Caroma (Caroma Dorf) is an Australian designer and distributor of bathroom products. Caroma was established in 1941 by Hungarian-born Charles Rothauser. Since closing its last factory in 2017 now sources all products from third-party overseas manufacturers.

Caroma is a subsidiary of GWA Group, and introduced the world's first two-button dual flush toilet system. The company self-distributes within Australia and, in other countries, sells through distributors such as Sustainable Solutions International in North America and Sanlamere in the United Kingdom.

==History==
The company was established in 1941 with a factory at Norwood, an inner eastern suburb of Adelaide.

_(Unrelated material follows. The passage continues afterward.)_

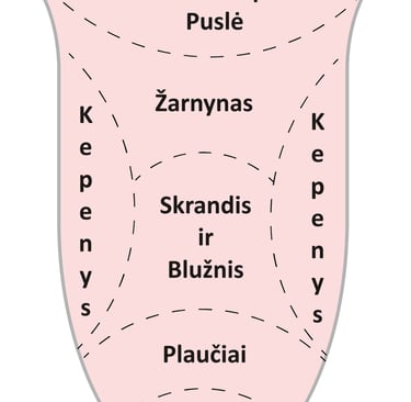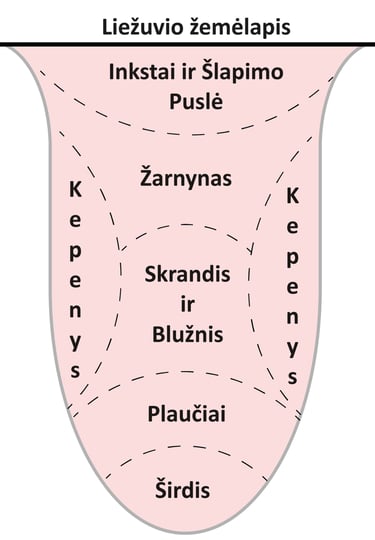 Liežuvio paviršius atitinka skirtingas organų zonas:

The company announced its intention to close down manufacturing in Australia on 8 October 2014. The factory at Wetherill Park in Sydney closed in 2014. It finally closed the Norwood factory on 24 February 2017. Manufacture now occurs in Malaysia, China and Europe.

==Caroma Dorf companies==
The Caroma Dorf group of companies offers a range of bathroom, kitchen and laundry products from a number of brands.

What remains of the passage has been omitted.